Real Time Streaming Process is Backbone of a Business

Author: Emma Thompson

Real Time Big Data is the Streaming Process only, as the name suggests data get transferred in a real-time scenario. This nature of Streaming Technology has made it popular in our Life. Be it a Big Enterprise owner, a household or small shop; all need this technology for their benefits and growth. As we know, nothing goes uniform always. Changes and exceptions are the nature of processes. The Streaming processes are not free from any such exceptions. We call these exceptions and changes of patterns Anomalies. Big Data Anomaly Detection is a real game changer in the business industry. Detecting anomaly in a particular pattern comes as a savior sometimes, besides tracking the regular change in pattern.

The Big Data Anomaly Detection is simple to understand.

Let’s take an example of a cafe near a bus stop. The gathering of after school kids gets increasing around 3 pm which normally never happened earlier. The metadata of the CCTV shows, it has taken pattern on a daily basis. This is a positive sign if we look at the business side. However, there are challenges to this anomaly. The food supply should be in an ample amount to fill in the demand. Also, the customers are kids so the food category should be in tune with kids’ taste. Same goes with the weather condition prediction. The anomaly detection process is quick to track the temperature or change in the weather, like rain, thunder, etc.

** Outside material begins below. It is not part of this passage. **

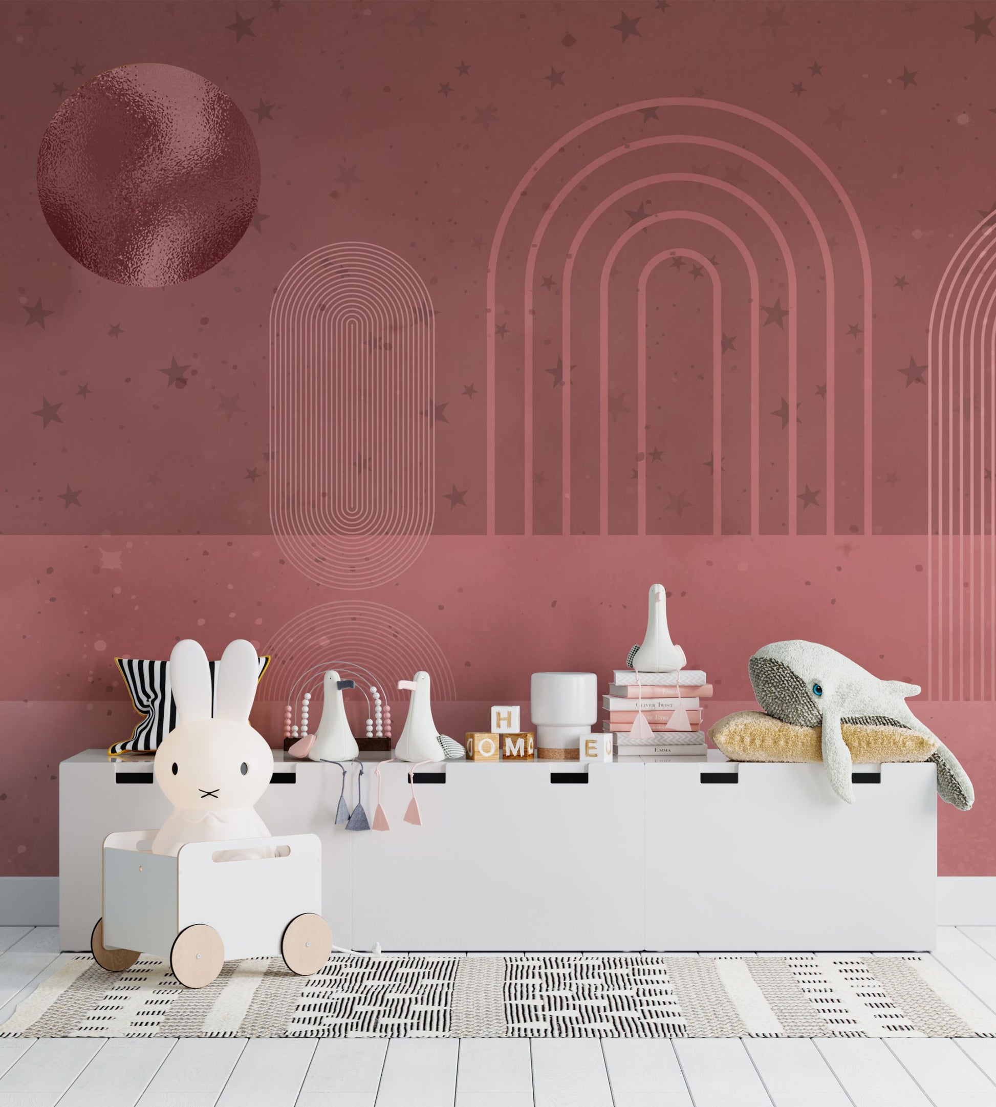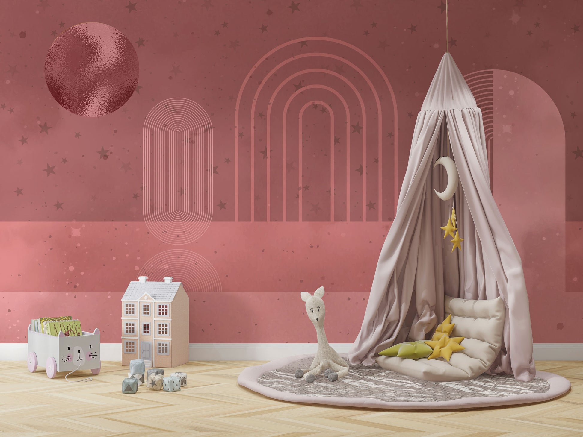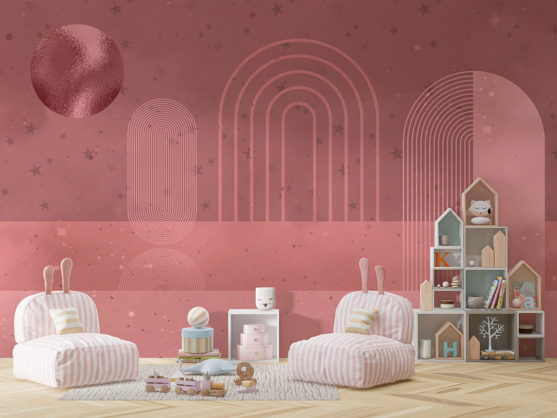Geometrik Soyut Pembe Tonlarda Yıldızlı Duvar Kağıdı üretimi, uygulanmasını isteyeceğiniz boyut ve konumuna uygun olarak talepleriniz doğrultusunda size özel imal edilir.

What kinds of Anomalies get detected?

There are three different manners to detect an anomaly in stream analytics.

First, like in temperature and weather case. In this detection, we set different ranges to collect the data. If certain data goes below or beyond the range, then there is an anomaly.

Second, is tracking the instances when certain data patterns changes to form a different pattern altogether; for example, the number of people gathering in a particular time at the cafe. Likewise, visit of a particular age group within a certain timeframe, etc.

The third and the last one, gets tracked based on the relative situation. Let’s take the example of a cafe only. In summers the sale of water and other cool beverages should increase, but when sales go down drastically in summer, then it’s a serious concern. There could be many reasons for it; like poor hygiene condition of the cafe, a higher price or competition, etc. The detection leads to resolve the issue for improving the sales.

There are different ways to Anomaly Detection.

The recent technology for Big Data Anomaly detection like Machine Learning (ML) and Artificial Intelligence (AI) are quite in practice. In the ML technology machine is fed with the past data to generate the report and then gets compared with the Real Time Big Data findings. There are Traditional statistical methods also to detect them. Both the procedures in use. Different set up need a different technology. Sometimes both the technologies come handy to get to the right information.

So the process empowers clients to make a conscious decision in the wake of real data gathered.